What’s emphasized instead is that Jesus was alone, abandoned, betrayed, morally lonely, hung out to dry, unanimity-minus- one.
What Jesus suffers is the emotional agony that sometimes comes on us as the price of love. The blood he was sweating was the blood of emotional crucifixion, the price of being faithful in love.
To be faithful requires that sometimes we have to enter a great loneliness: the loneliness of moral integrity, the loneliness of fidelity, the loneliness of duty, the loneliness of renouncing an overpowering desire, the loneliness of losing life so that we might find it in a higher way.

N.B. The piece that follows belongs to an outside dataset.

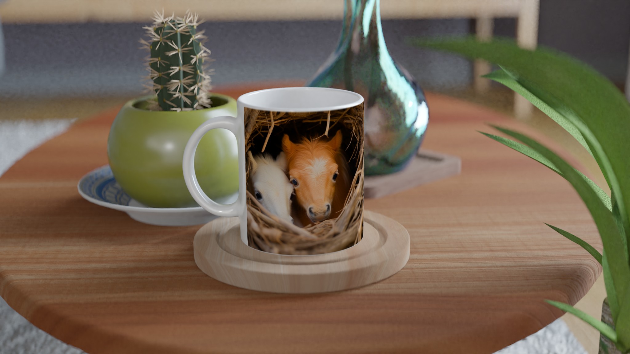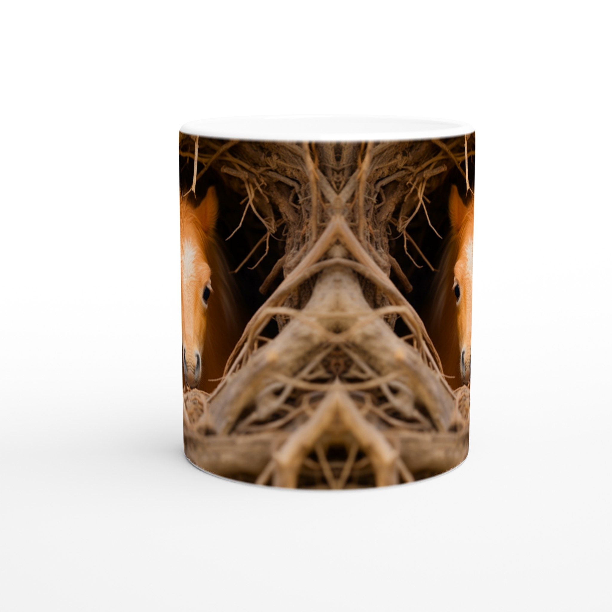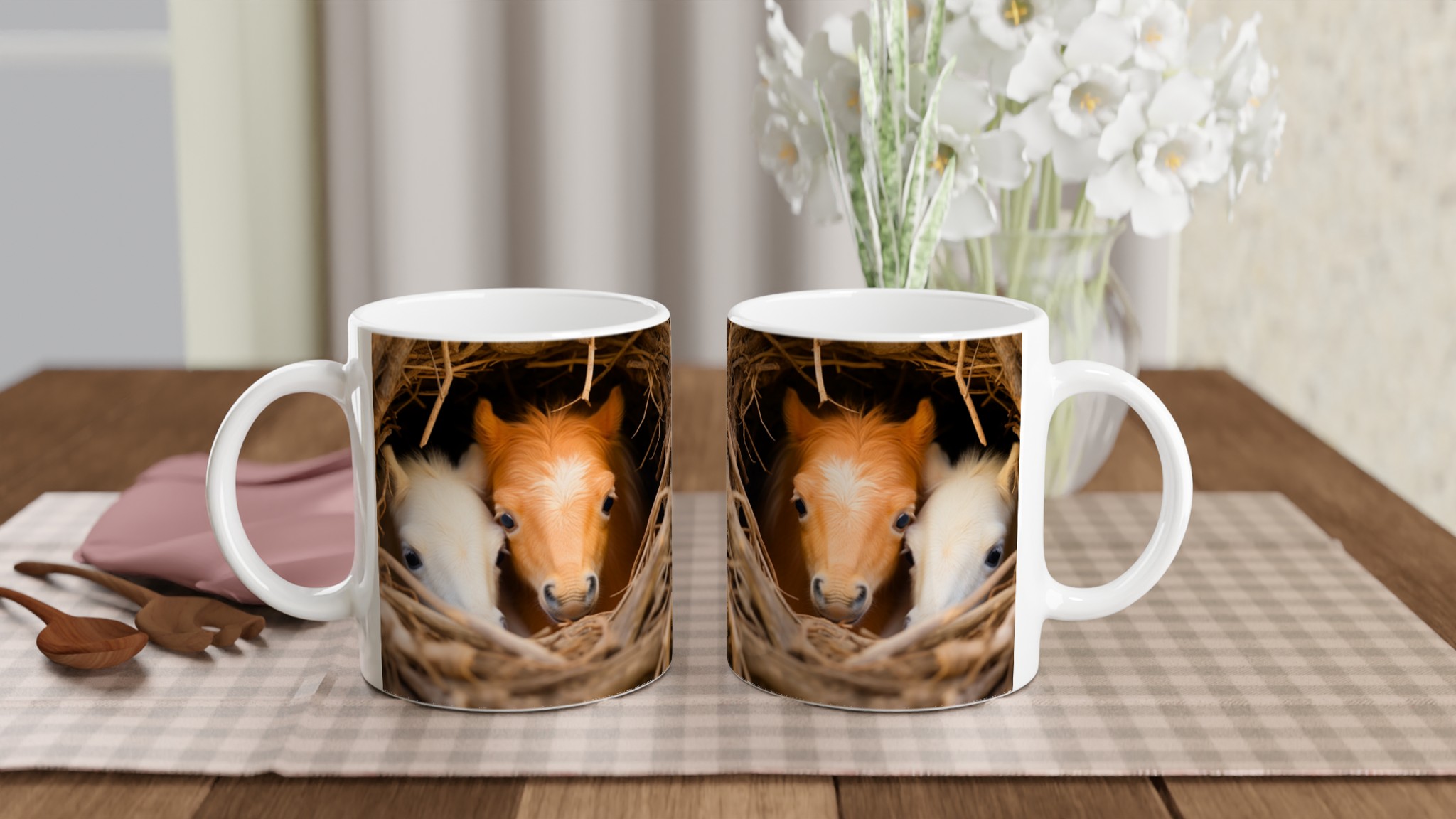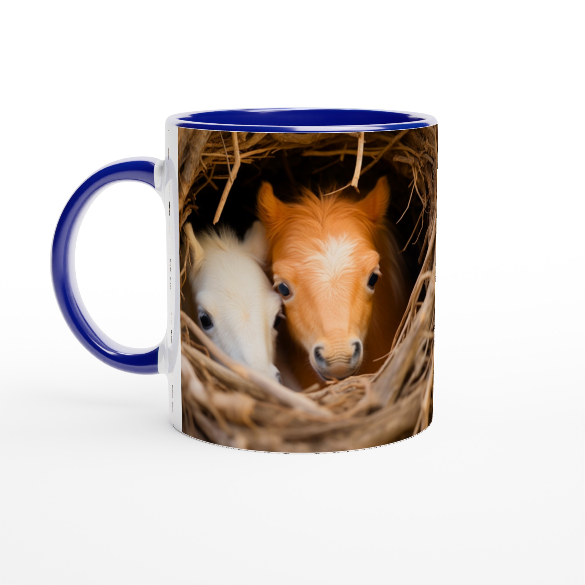 Föreställ dig att vakna upp till denna bedårande syn varje morgon! Denna charmiga keramiska mugg fångar ögonblicket av två söta föl som kikar fram ur sitt mysiga bo, en bild som garanterat värmer hjärtat. Denna stilrena mugg blir snabbt en vardagsfavorit, perfekt för morgonkaffet, kvällens varma choklad eller när du bara vill njuta av en kopp te.
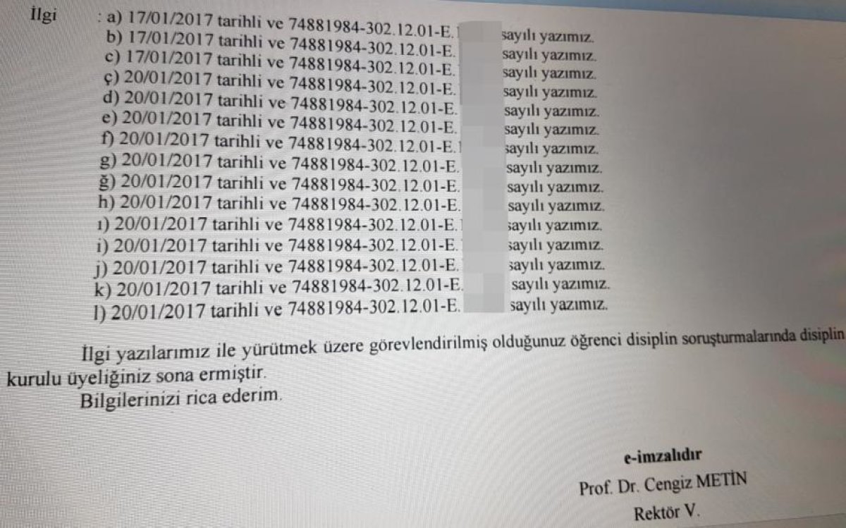 Aydınlık’ın ulaştığı belge 30 Mart 2017 tarihli. Ege Üniversitesi Rektör Vekili Prof. Dr. Cengiz Metin’in elektronik imzasını taşıyan belge, Elektronik Bilgi Yö- netim Sistemi’ne (EBYS) yüklendi. Belgede, Çakıroğlu cinayetiyle ilgili olayları soruşturan komisyondaki bir öğretim üyesinin, Ege Üniversitesi bünyesinde kurulmuş 15 ayrı komisyon üyeliği görevinden alındığı bildiriliyor. “Komisyonu değiştirmedik” diyen Rektörlüğün gerçek dışı beyanını ortaya çıkaran ve Rektör Vekili Metin’in gönderdiği resmi yazıda, “İlgi yazılarımız ile yürütmek üzere görevlendirilmiş olduğunuz öğrenci disiplin soruşturmalarında disiplin kurulu üyeliğiniz sona ermiştir. Bilgilerinizi rica ederim” ifadeleri yer alıyor. Belgede komisyonların 17 ve 20 Ocak’ta görevlendirildiği görü- lüyor. Bu tarihler YÖK denetçilerinin üniversiteye gelerek komisyon kurulmasını istediği tarihe denk düşüyor.

Jesus didn’t find it easy and neither do we. What love and fidelity ask will sometimes drive us to our knees in anguish and, like Jesus in Gethsemane, we will find ourselves begging God for a means to still have our own way in this, to have our cake and eat it too, to find some way around fidelity, vow, promise, and duty.
This is a lover’s anguish because the part in us that’s agonizing and resisting is that part of the heart that stewards intimacy, romance, and embrace. The lover in us is having to let go of some very precious things; it’s having to die to something for the sake of something else, and that’s emotionally crucifying.
The account of Jesus sweating blood in the Garden of Gethsemane is, among other things, a powerful mystical image that tells us it’s not enough simply to be sincere and follow the heart’s desires. Sometimes love and fidelity demand that, like Jesus, in anguish and tears, we say to God: “Much as I desperately want this, I can’t have it! Not my will, but yours, be done!”